Predictors of diurnal cortisol variation differed by BMI category. Perceived stress accounted for 20% of the variability in diurnal cortisol variation in overweight women. None of the variables examined in this study were significant predictors of diurnal cortisol variation in normal weight women. In overweight women, waist circumference predicted an additional 15% of the variability in diurnal cortisol variation over and above the effect of perceived stress. Similar to normal weight women, BMI was not a significant predictor of diurnal cortisol variation in overweight women. In contrast, despite higher reported levels of perceived stress, HPA axis function in obese women was more strongly related to BMI. Approximately 31% of the variability in diurnal cortisol variation in obese women was accounted for by BMI. It is possible that the metabolic consequences of obesity outweigh neuroendocrine changes associated with stress and are thus stronger predictors of HPA axis function in obese women. High job stress levels have been linked to subsequent increases in BMI in the Whitehall II study.13 This may be mediated by HPA functioning, which is known to be altered in relation to chronic stress.20,29 Although we cannot establish causal pathways from this cross-sectional analysis, it is possible that higher stress levels caused altered HPA axis function, which in turn contributed to increases in BMI. Once the BMI threshold of obesity is reached, however, HPA axis function appears to be primarily driven by the metabolic and neuroendocrine consequences of obesity. These findings should be interpreted with caution because of the bidirectional nature of the relationship between BMI and HPA axis function. It is also plausible that a dysfunctional HPA axis, perhaps genetically mediated,30 caused obesity and that higher levels of stress are a consequence of social stigma associated with obesity.
A key component of obesity is intra-abdominal accumulation of fat, which is responsible for a great portion of the increased CVD risk associated with obesity.31 The high concentration of glucocorticoid receptors in the abdominal region32 may be responsible for the observed association between high cortisol levels and abdominal obesity. Waist circumference is a convenient surrogate for abdominal obesity. In this study, waist circumference accounted for 15% of the variability in diurnal cortisol variation in overweight and obese women alike. However, this relationship did not persist in obese women when waist circumference was included with BMI in the same model. Only BMI remained as a significant predictor of cortisol variation in obese women. Janssen et al.33 reported that BMI and waist circumference independently predict intra-abdominal obesity, with BMI being more strongly related to abdominal subcutaneous fat. Abdominal subcutaneous fat is a significant predictor of insulin resistance,34 a condition associated with HPA axis dysfunction. Therefore, although we were unable to detect an association between waist circumference and cortisol variation in obese women, this does not negate a relationship between abdominal obesity and HPA dysfunction because BMI is a useful surrogate for subcutaneous abdominal fat. Although the National Institutes of Health guidelines on the evaluation of obesity recommend measurement of waist circumference in overweight individuals, in obese individuals with a BMI ≥ 35 kg/m2, waist circumference is found to lose its disease predictive power.35 This is in line with our findings of a relationship between HPA function and waist circumference in overweight women only, whereas only BMI was related to HPA axis function in obese women.
The regulation of cortisol levels in obesity may result from either increased secretion10 or prereceptor metabolism by 11β-hydroxysteroid dehydrogenase type 1 (HSD-1).36 The activity of HSD-1 is increased in abdominal fat depots of obese individuals.37 HSD-1 converts cortisone to active cortisol, which results in detection of increased glucocorticoid levels by the liver, which in turn causes feedback inhibition of adrenal cortisol secretion.38 This, in addition to increased cortisol excretion in obesity,39 may explain the lower absolute levels of cortisol seen in obese people.
Study limitations
A few limitations of this study are worth noting.
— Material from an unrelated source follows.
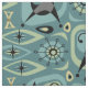 My original vector illustration of mid century style abstract cats, cubes, starbursts, boomerangs, lozenges, and more, in shades of blue, green, grey, and black on teal.

The cross-sectional design limits our ability to ascribe any causal relationships to the observed associations. To address this, we are proposing a follow-up study of this sample to determine the prospective relationships among stress, obesity, and HPA axis dysfunction. In addition, the small sample sizes in subgroup analyses may have reduced the power to detect differences; thus, the current results should be interpreted with caution and replicated in larger studies. We did not observe an interaction between BMI and stress on diurnal cortisol in the overall model. This may be due to the lack of power caused by the large number of variables in the interaction model. The large difference in BMI range across the BMI categories is worth noting. The range of BMI in the obese category is large compared to the normal and overweight categories. However, when we truncated the obese BMI range so that it is equal to the range for the normal/overweight BMI category (range of 12.5), there still existed a stronger linear relationship with cortisol variation than the normal/overweight class (R2 = 0.24, t = −2.9, p = .008). Figure 2 provides evidence of this relationship. There seems to be a graphic absence of a linear relationship between BMI and cortisol within the normal through overweight categories, although it becomes quite apparent in the obese category even with a BMI range restriction of 30–42.5 kg/m2.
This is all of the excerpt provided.